If this is the first time you have run the notebook, you may first need to run the following command to properly set up the dataset:

> git submodule update --init --recursive

## Module Imports

In [0]:
import pandas as pd
import numpy as np

import plotly.offline as po
import plotly.graph_objects as go
import plotly.express as px

import requests

import io

from statsmodels.tsa.seasonal import STL
from scipy import stats

from huntlib.util import benfords

from datetime import datetime

import json

import ipywidgets as widgets
from IPython.display import display

from tqdm.auto import tqdm

## Parameters & Setup
Some basic notebook config parameters here.  

___ROLLING_AVERAGE_DAYS___ is the number of days upon which to compute rolling averages for the timeline view. The deafault is 7 days, so 1-week averages.

___RECENT_DAYS___ is the number of days of history to consider when creating the activity heatmaps.  The default is 14 days, so the maps will reflect the most recent 2 weeks worth of data.

In [0]:
ROLLING_AVERAGE_DAYS = 7
RECENT_DAYS = 14

## Load and Prepare the Data

### Load Geographic Data
First we load the data we'll use to create the maps.  These basically are just a set of coordinates for creating the outlines of the states and counties, tied to [FIPS location codes](https://en.wikipedia.org/wiki/FIPS_county_code).  The file we're using originally came from https://raw.githubusercontent.com/plotly/datasets/master/geojson-counties-fips.json. 

In [0]:
with open('geojson-counties-fips.json', 'r') as f:
    counties = f.read()
    
counties_geojson = json.loads(counties)

### Load the New York Times COVID-19 Data
Now we'll load the county-level COVID-19 data into a DataFrame.  We'll also fix it up a little by converting types in some of the important columns.

In [0]:
us_counties = pd.read_csv('covid-19-data/us-counties.csv', parse_dates=['date'])

us_counties['fips'] = us_counties['fips'].astype('object')
us_counties['county'] = us_counties['county'].astype('category')
us_counties['state'] = us_counties['state'].astype('category')

us_counties.info()

### Collate Data
The NYT dataset provides cumulative counts for each day, since the first case in the US. For our purposes, we're more interested in the per-day counts (i.e., the actual number of new cases or deaths for a single day).  

In order to compute these from the cumulative counts, we first find all the unique _(state, county)_ pairs, then extract them each as temporary DataFrames.  Within each of these temporary frames, we can then subtract adjacent rows from each other to determine the delta, which is the count of new cases/deaths for each day.  

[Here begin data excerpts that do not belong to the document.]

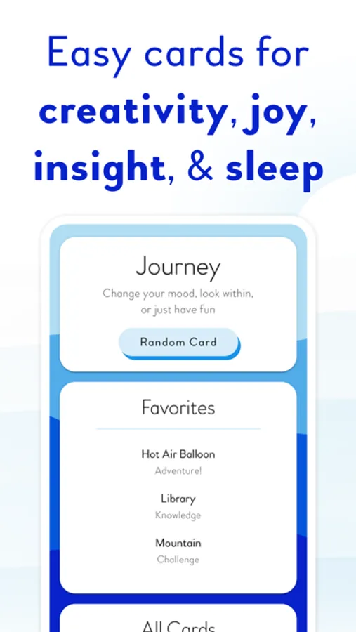 • 100+ easy imagination cards for different moods and situations, like practicing gratitude, facing a challenge, and finding inspiration.
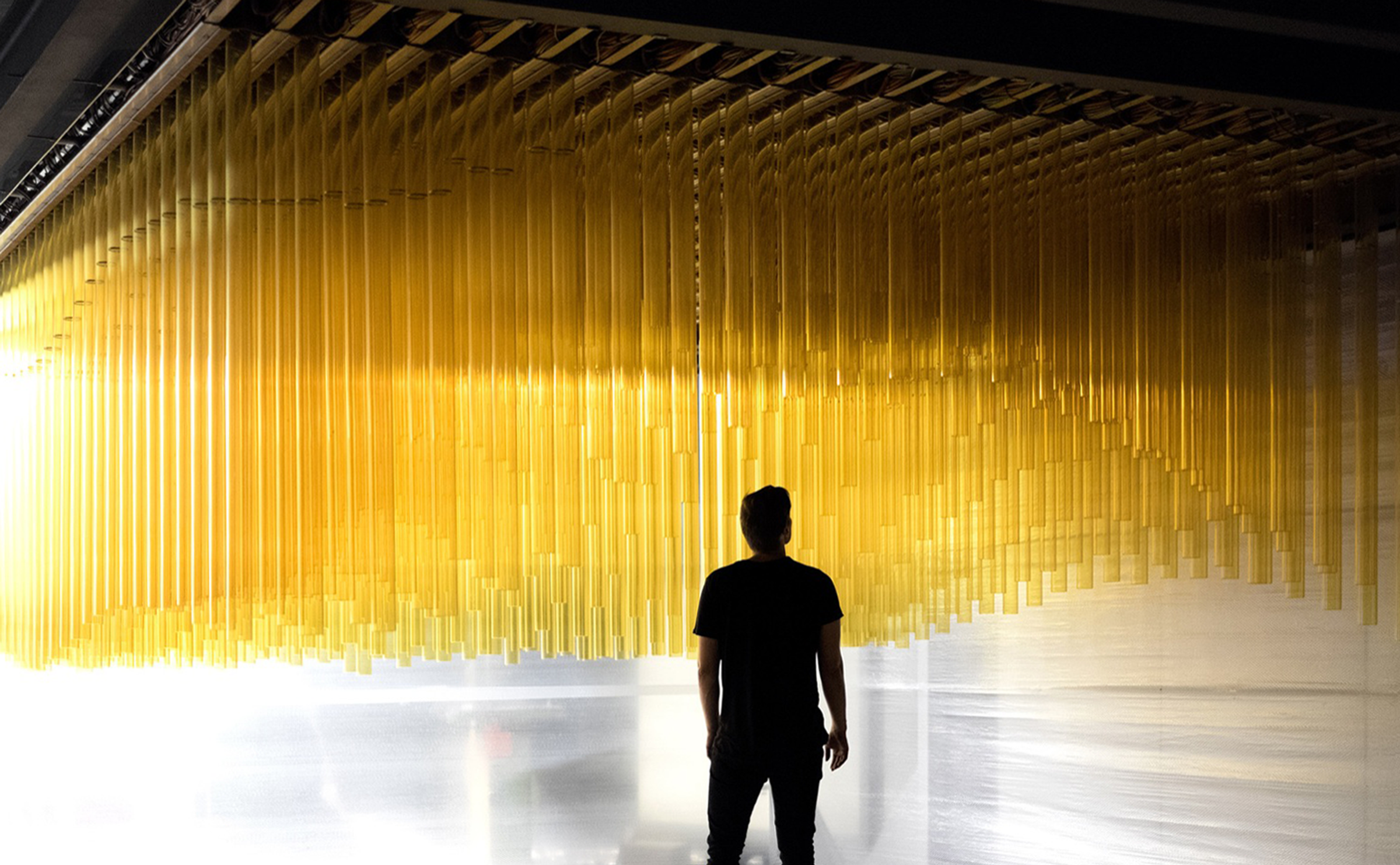 The installation featured an abstract representation of underground landscapes through a matrix of 529 acrylic pipes that pierced the ceiling between the first and second floors, creating organic rock-like formations below and an ocean surface effect above. Visitors were invited to interact with the installation by moving through the space underneath, where the pipes, which normally hung 1.3 meters above ground, would lift to create protective domes around each person. This inverse movement created wave-like motions on the upper floor, with both levels remaining accessible while the second floor was enclosed by glass walls for safety.
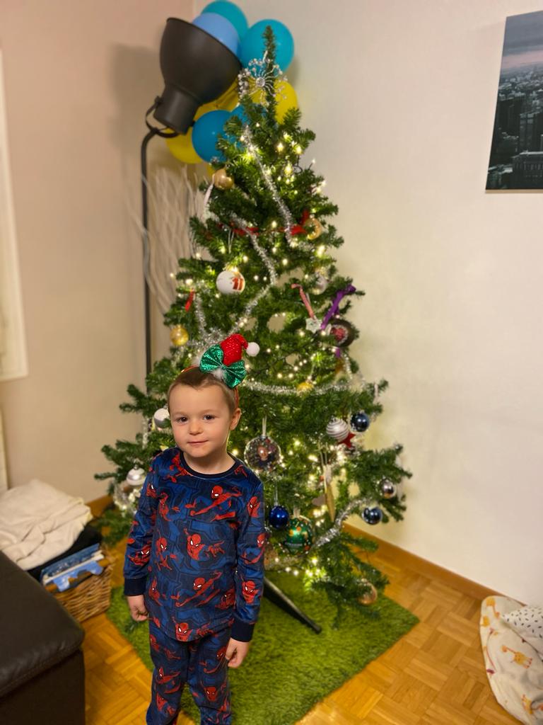 Jo devant sapin de Noël
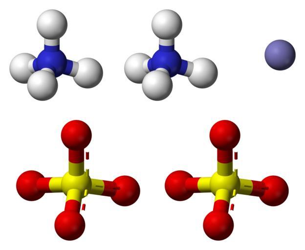 Keywords: Ammonium-iron(II)-sulfate-3D-balls-ionic.png Ball-and-stick model of ammonium iron II sulfate also known as Mohr's Salt showing two ammonium cations top-left one iron II cation top-right and two sulfate anions bottom It can be considered a double salt of ammonium sulfate and iron II sulfate Derived from File Ammonium-sulfate-3D-balls png 2010-11-21 Jynto and Ben Mills Mohr's salt Images by Jynto Ball-and-stick models |
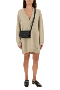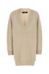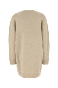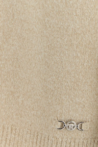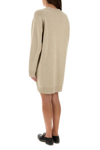 Sweater dress realized in wool and cashmere enriched by Medusa metal detail on the hemline. - V neckline - Ribbed cuffs and hemline - Unlined DETAILS Melange beige wool blend sweater dress Exterior: 70% Wool 30% Cashmere Made in italy Model is 170 cm and is wearing a size 40

Once we've done that, we concatenate all the temporary frames back into one big dataframe again.

In [0]:
local_dfs = list()

for state, county in tqdm(us_counties.groupby(['state', 'county']).groups.keys(), desc="Collating geographic info"):
    ldf = us_counties[(us_counties.state == state) & (us_counties.county == county)].copy()
    ldf['daily_cases'] = ldf['cases'].diff().fillna(0).astype('int')
    ldf['daily_deaths'] = ldf['deaths'].diff().fillna(0).astype('int')
    local_dfs.append(ldf)
    
full_df = pd.concat(local_dfs, ignore_index=True).sort_values(by=['date', 'state', 'county']).reindex()

full_df
    

## Visualizations

### Visualization Functions
Define some functions to create the visualizations we want.

In [0]:
def plot_daily_cumulative_summary(df, state=None, county=None):
    if state:
        df = df[df.state == state]
        title = f"{state} Cumulative Cases & Deaths"
        if county:
            df = df[df.county == county]
            title = f"{county} County, {state} Cumulative Cases & Deaths"
    else:
        title = "US Cumulative Cases & Deaths"
        
    cum_sum_df = df[['date', 'cases', 'deaths']].groupby('date').sum()
    
    fig = go.Figure(
        data=go.Scatter(
            x=cum_sum_df.index,
            y=cum_sum_df['cases'],
            mode='lines',
            name='Total Cases'
        )
    )

    fig.add_trace(
        go.Scatter(
            x=cum_sum_df.index,
            y=cum_sum_df['deaths'],
            mode='lines',
            name='Deaths'
        )
    )

    fig.update_layout(
        title=title
    )

    fig.show()

In [0]:
def plot_timeseries(df, column, state=None, county=None, anomaly_threshold=3, baseline_type='ra'):

    
    if state:
        df = df[df.state == state]
        title = f"COVID-19 {column} vs {ROLLING_AVERAGE_DAYS} Day Average: {state}"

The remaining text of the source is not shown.